Each benchmark measures the time to complete a single Spark SQL query against the current test table, all taking he form of a simple SELECT statement, statements such as

SELECT variant_get(nested, '$.varid', 'int') FROM variant_table

These were invoked within a spark().sql("SELECT ...").count() sequence, with the final .count() triggering the result manifestation.
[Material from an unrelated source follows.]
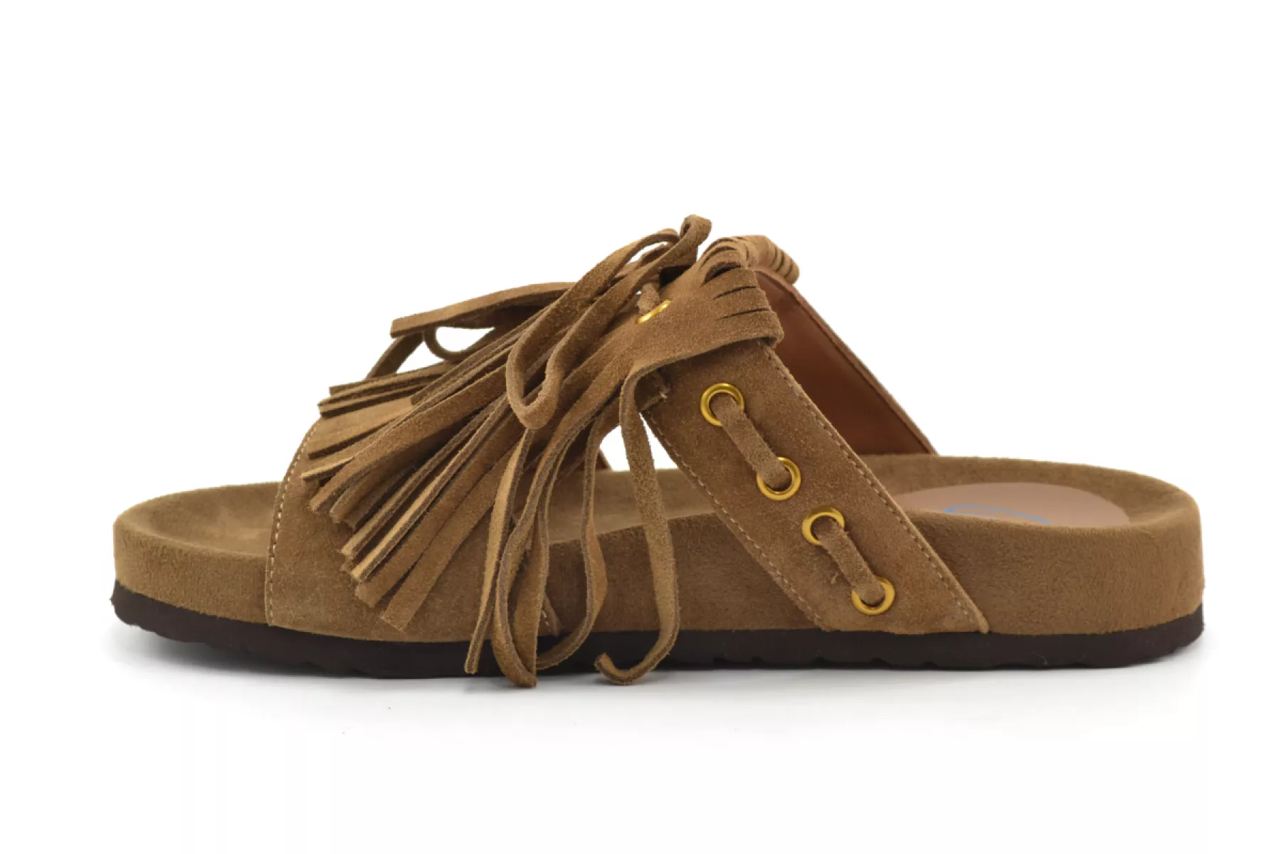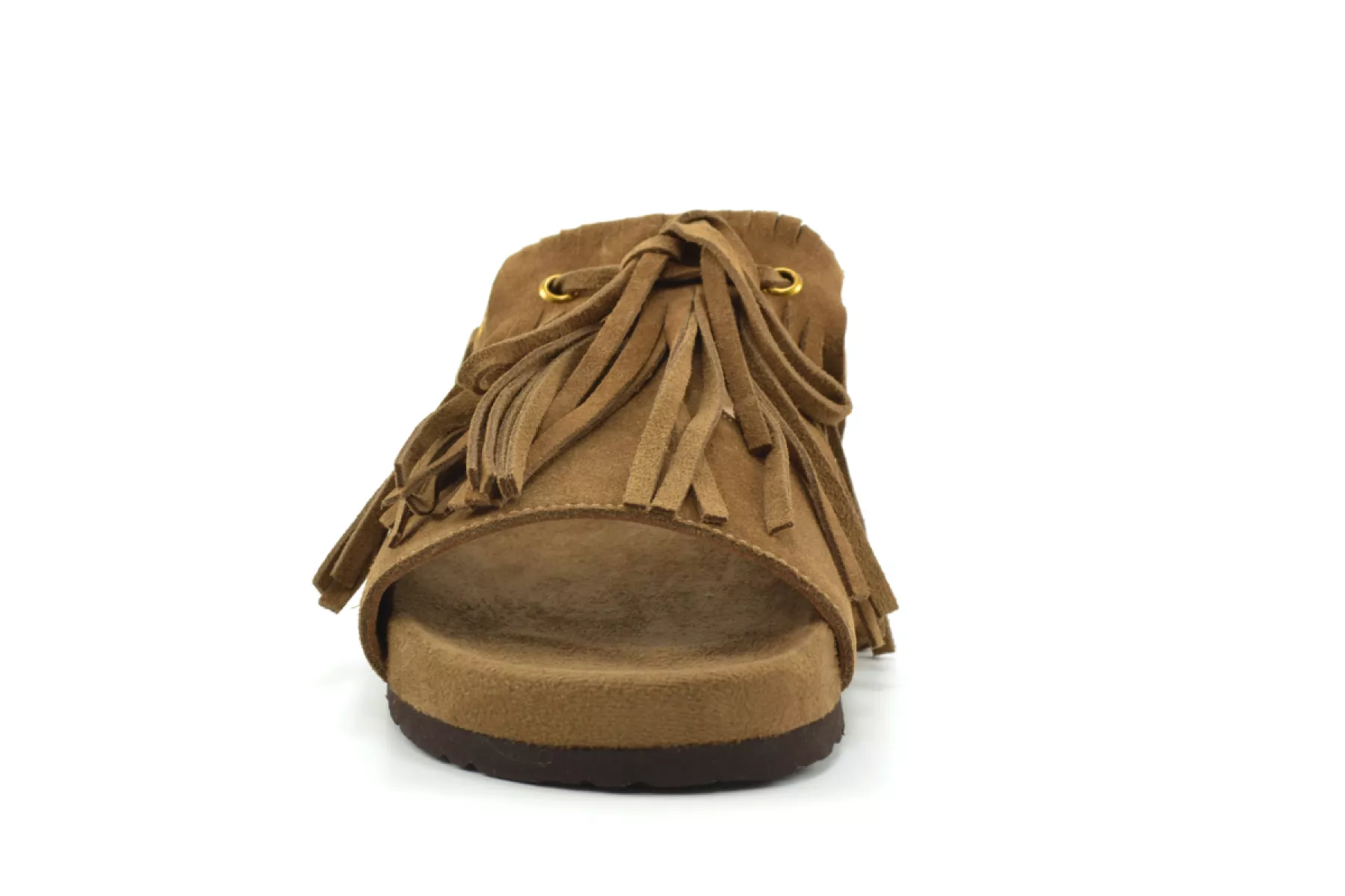 Miss Olivia bruine suede slippers franje

That count was logged verified to make sure it was non-zero; a check which ensures that the JIT compiler will not eliminate the code during optimisation.

Iceberg Benchmark Results

Benchmark Results Source
IcebergSourceVariantIOBenchmark Spark SQL Queries on Iceberg tables source

In the benchmark results, Avro is the topmost file type of every benchmark, followed by unshredded Parquet, and finally shredded Parquet.

file types

All simple projection operations take a similar amount of time when executed through the Spark SQL API.
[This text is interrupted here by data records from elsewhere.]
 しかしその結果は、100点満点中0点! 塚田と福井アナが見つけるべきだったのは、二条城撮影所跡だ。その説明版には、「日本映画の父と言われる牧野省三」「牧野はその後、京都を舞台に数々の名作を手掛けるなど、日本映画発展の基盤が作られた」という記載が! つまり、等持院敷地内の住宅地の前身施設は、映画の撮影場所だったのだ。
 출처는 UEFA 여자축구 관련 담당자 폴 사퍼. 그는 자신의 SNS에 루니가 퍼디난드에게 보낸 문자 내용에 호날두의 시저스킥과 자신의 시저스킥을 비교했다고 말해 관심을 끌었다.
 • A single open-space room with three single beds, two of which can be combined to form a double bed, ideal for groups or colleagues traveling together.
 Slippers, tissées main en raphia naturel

SELECT category FROM variant_table
SELECT variant_get(nested, '$.varcategory', 'int') FROM variant_table

projections

What is very different is any filtering query with a variant in the WHERE clause, e.g.
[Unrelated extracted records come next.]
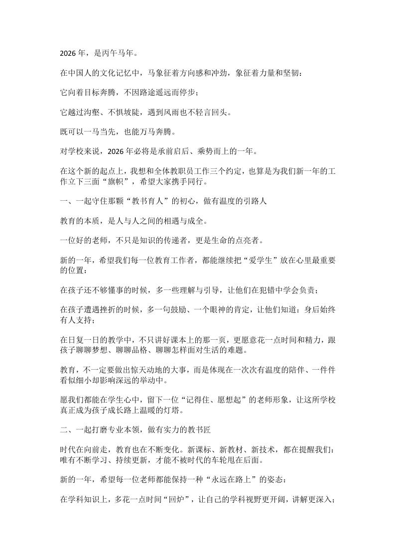 校长马年新春致辞:既能一马当先,亦能万马奔腾! 1天前 管理相关 680 ——预览已结束,还剩2页未读——开通会员后可免费下载高清完整文档 资源下载此资源下载价格为15米,VIP免费,请先登录 资源下载下载价格15 米VIP免费请先登录 0 0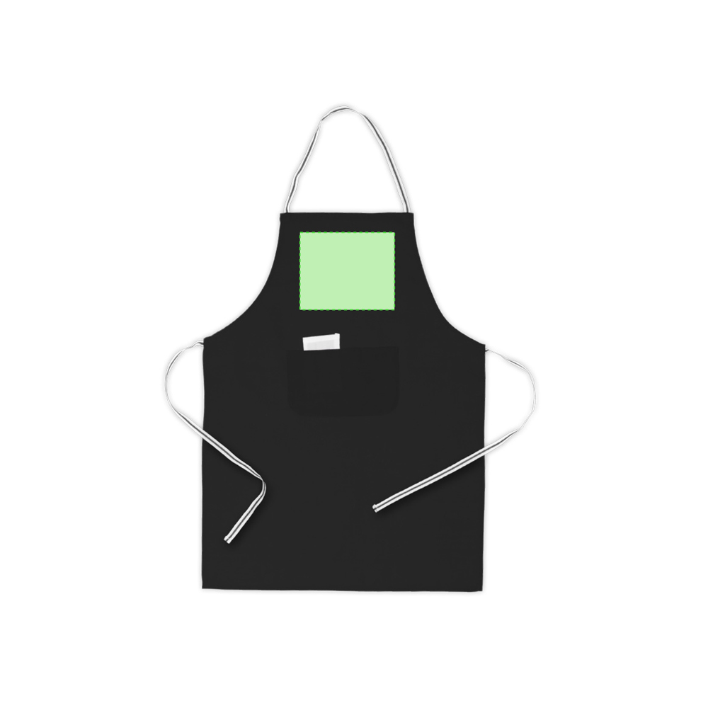 Hoogwaardig schort van TC-materiaal - combinatie katoen en polyester-. In verschillende kleuren, met dubbel voorzak en tweekleurige verstelbare banden. Valt boven de knie.
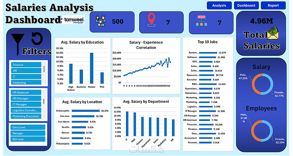 سأقوم بتصميم لوحة تحكم (Dashboard) باستخدام Microsoft Excel لعرض وتحليل البيانات بشكل منظم وسهل الاستخدام.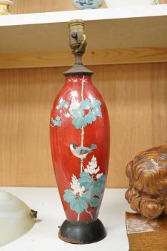 Lot 1269 , A Japanese cloisonne red ground bird decorated lamp, 44.5cm high including fitting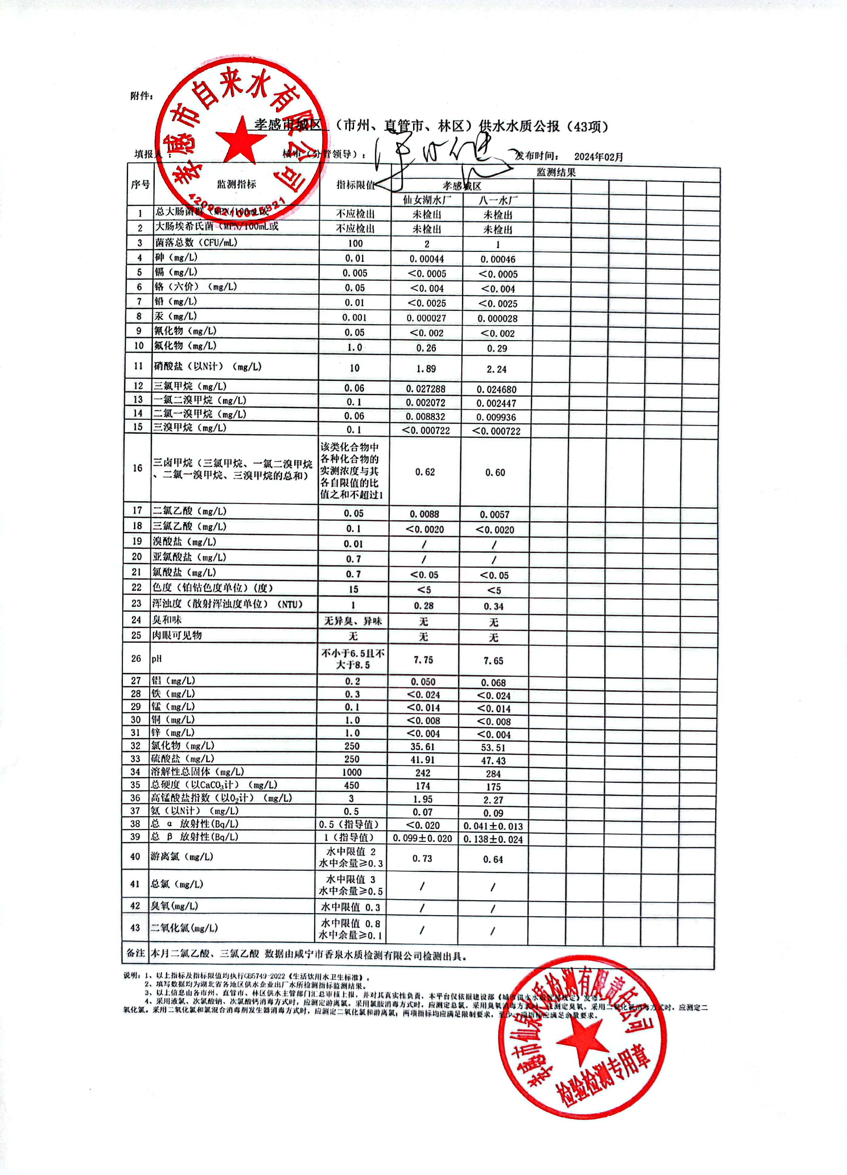 2024年2月水质报告
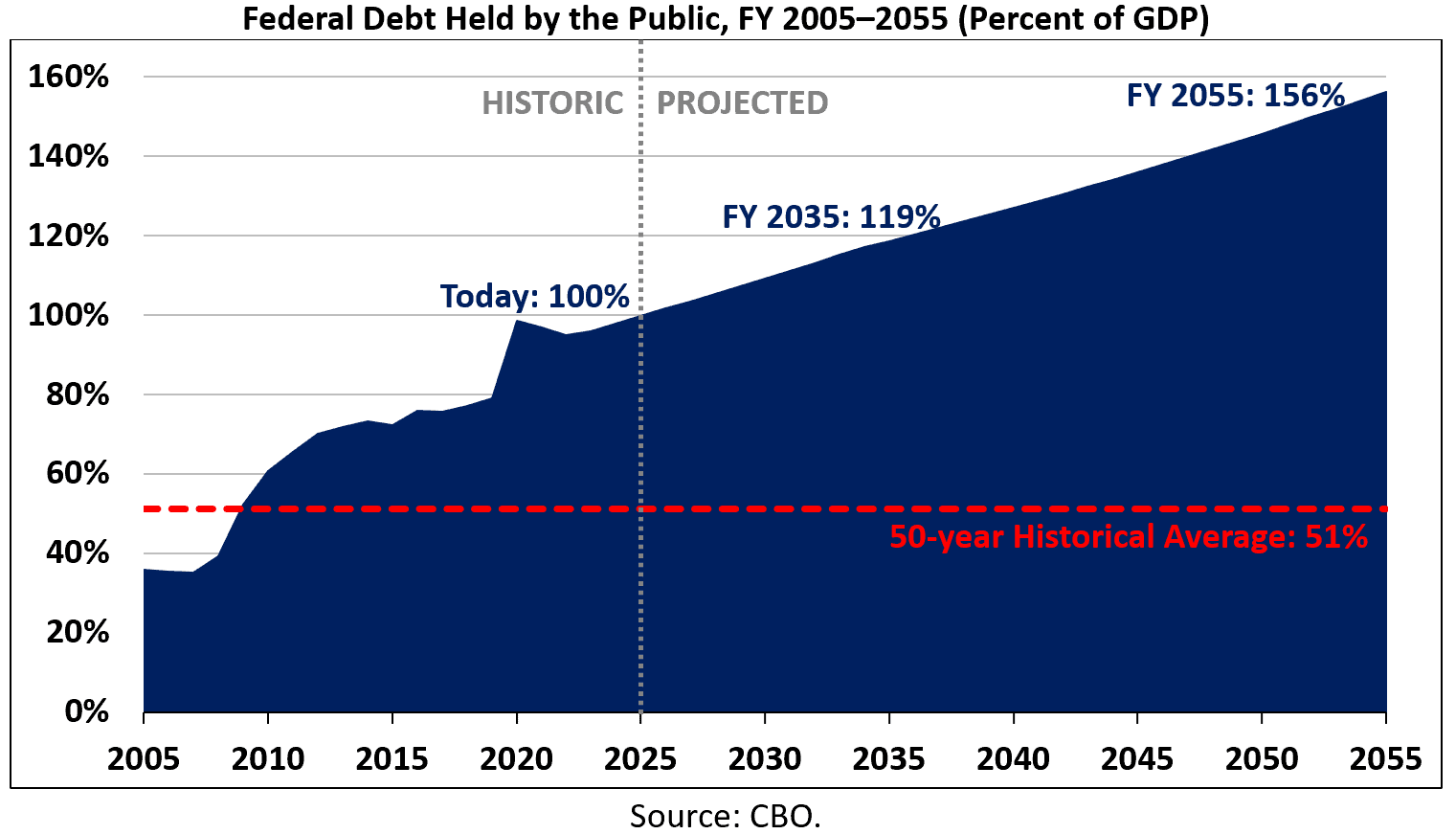 The United States faces a litany of fiscal challenges, the most consequential of which is the unsustainable growth of the national debt. At the end of fiscal year (FY) 2025, federal debt held by the public[1] totaled $30.3 trillion – the equivalent of 100 percent of gross domestic product (GDP). The Congressional Budget Office (CBO) estimates the national debt will grow from 102 percent of GDP ($31.9 trillion) at the end of FY 2026 to a new record of 107 percent of GDP ($35.0 trillion) by the end of FY 2029. It will grow further to 119 percent of GDP ($52.1 trillion) by the end of FY 2035, to 136 percent of GDP ($85.5 trillion) by the end of FY 2045, and to 156 percent of GDP ($138.2 trillion) by the end of FY 2055.

SELECT id FROM variant_table WHERE variant_get(nested, '$.varcategory', 'int') = 5

This query takes a lot longer to complete than the query against the equivalent Parquet column:

SELECT id FROM variant_table WHERE category = 5

filter

The filtering was worse with shredded variants. This implies that whatever predicate-pushdown based filtering on variant fields there is, it isn’t looking at shredded field statistics.

Parquet Benchmark Results

Benchmark Results Source
Parquet Parquet Variant Benchmarks source
Parquet Performance Graphs Parquet Performance Graphs source

The performance benchmarks are the main Parquet benchmarks monitored with ` -prof “async:output=flamegraph;dir=target/perf”` to collect flamegraphs of the execution of the different benchmarks. These were not collected at the same time as the published Parquet benchmark results, so have not interfered with those results.

VariantBuilder Benchmark

The Parquet variant builder benchmarked probed for scale issues as variants grew wider or deeper.

parquet variant builder

No particular issues were see in this specific benchmark, though changes to the builder have now been proposed.

Parquet Variant Projection

This benchmark was interesting.

parquet variant builder

The first benchmark, readAllRecords just reads all records and all colums, where the helper method consumeField() consumes a filed within the supplied variant. It should be the worst of the projection benchmarks, and it is, especially for shredded variants.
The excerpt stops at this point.